A pílula combinada com doravirina parece boa para o tratamento inicial do HIV

A pílula com doravirina parece boa como o tratamento inicial do HIV

Kathleen Squires no IAS 2017. Foto de Liz Highleyman, hivandhepatitis.com

 

Um regime de comprimido único contendo a doravirina um Inibidor Não Nucleotídeo de Transcriptase Reversa de última geração reduziu a carga viral do HIV tanto quanto uma coformulação baseada em efavirenz, mas apresentou perfil de efeitos colaterais mais favoráveis, de acordo com os resultados da apresentação do estudo DRIVE-AHEAD nesta semana no 9ª Conferência Internacional de Aids Society sobre Ciência HIV (IAS 2017) , em Paris.

Os regimes de terapia anti-retroviral de primeira linha atuais são seguros e altamente efetivos. Os inibidores de integrase substituíram em grande parte os inibidores de transcriptase reversa não-nucleotídeos (NNRTIs) como tratamento de primeira linha nos últimos anos, mas ter múltiplos fármacos potentes e bem tolerados de diferentes classes de antirretrovirais oferece mais opções para terapia individualizada.

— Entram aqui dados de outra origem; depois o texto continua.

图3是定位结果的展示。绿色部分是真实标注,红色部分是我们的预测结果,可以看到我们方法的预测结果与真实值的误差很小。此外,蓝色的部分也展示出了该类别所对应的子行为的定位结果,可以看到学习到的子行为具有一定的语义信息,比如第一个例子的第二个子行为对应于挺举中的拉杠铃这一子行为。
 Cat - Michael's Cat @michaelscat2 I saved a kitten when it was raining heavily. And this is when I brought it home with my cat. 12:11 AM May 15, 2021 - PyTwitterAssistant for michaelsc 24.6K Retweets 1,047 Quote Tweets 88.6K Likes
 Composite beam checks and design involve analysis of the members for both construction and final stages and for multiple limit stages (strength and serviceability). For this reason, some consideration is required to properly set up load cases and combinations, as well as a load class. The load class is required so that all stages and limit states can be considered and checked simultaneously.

Kathleen Squires da Thomas Jefferson University em Filadélfia apresentou os resultados do estudo de fase 3 DRIVE-AHEAD, que está avaliando uma coformulação de dose fixa de 100 mg de doravirina, 300 mg de lamivudina (3TC) e 300 mg de tenofovir disoproxil fumarato (TDF).

Doravirina, um NNRTI de pesquisa desenvolvida pela Merck, tem um perfil de resistência único e é ativo contra o HIV com as mutações comuns de resistência à NNRTI incluindo K103N. Pode ser tomado com ou sem alimentos e tem baixo potencial para interações medicamentosas.

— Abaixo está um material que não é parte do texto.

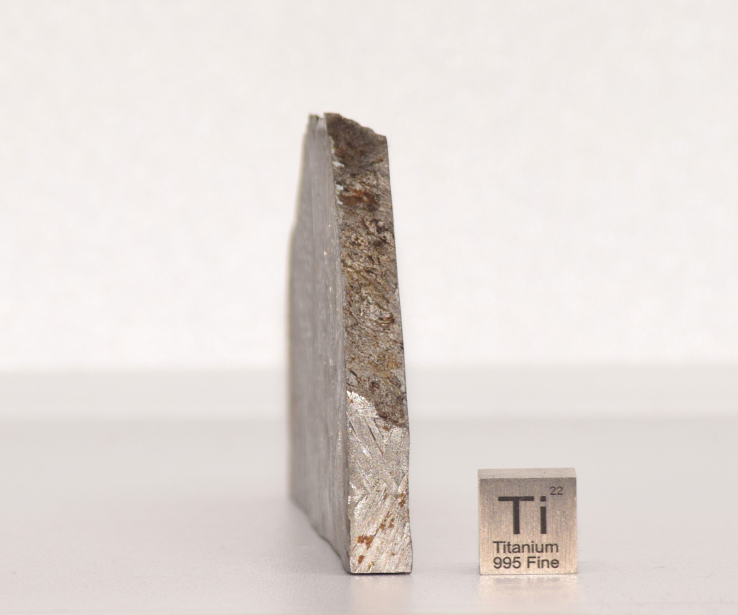 This 140 g iron meteorite slice is from the Aletai meteorite in Xinjiang, China. The slice preserves the natural metallic structure typical of iron meteorites and clearly displays the characteristic Widmanstätten pattern. It has been carefully cut to show the internal features of this octahedrite section. A certificate of authenticity is provided by members of leading meteorite associations.

Estudos prévios demonstraram que doravirine suprime a carga viral tão bem quanto o efavirenz (Sustiva ou Stocrin®), mas com menos efeitos colaterais neuropsiquiátricos, em um estudo de fase 2 . Doravirine mais dois Inibidores Nucleosídeos de Transcriptase reversa da escolha do pesquisador – quer TDF / emtricitabina (Truvada) ou abacavir / lamivudina (Kivexa® ou Epzicom) – funcionou tão bem como o darunavir potencializado com ritonavir (Prezista®), mas com um melhor perfil lipídico, num estudo de fase 3.

DRIVE-AHEAD matriculou 728 pessoas iniciando o tratamento do HIV pela primeira vez. Cerca de 85% eram homens, metade eram brancos e a idade média era de 31 anos. A contagem média de CD4 foi de aproximadamente 420 células / mm3, cerca de 22% tinham uma carga viral elevada acima de 100.000 cópias / ml e 14% tinha um histórico clínico de AIDS.

Os participantes neste estudo duplo-cego foram distribuídos aleatoriamente para receber o comprimido de combinação doravirine ou uma co-formulação do efavirenz, entricitabina e TDF (Atripla®).

Para “cegar” o estudo, porque os regimes de dosagem das drogas não são os mesmos, os participantes receberam placebos para a coformulação que não estavam tomando. Doravirina permite um horário mais flexível: os participantes foram convidados a tomar a coformulação de doravirina ou placebo sempre que escolheram – mas ao mesmo tempo todos os dias – com ou sem alimentos. Foi-lhes dito que tomassem a pílula de efavirenz ou o placebo com o estômago vazio na hora de dormir, pois se pensava em diminuir os efeitos colaterais neurológicos do efavirenz.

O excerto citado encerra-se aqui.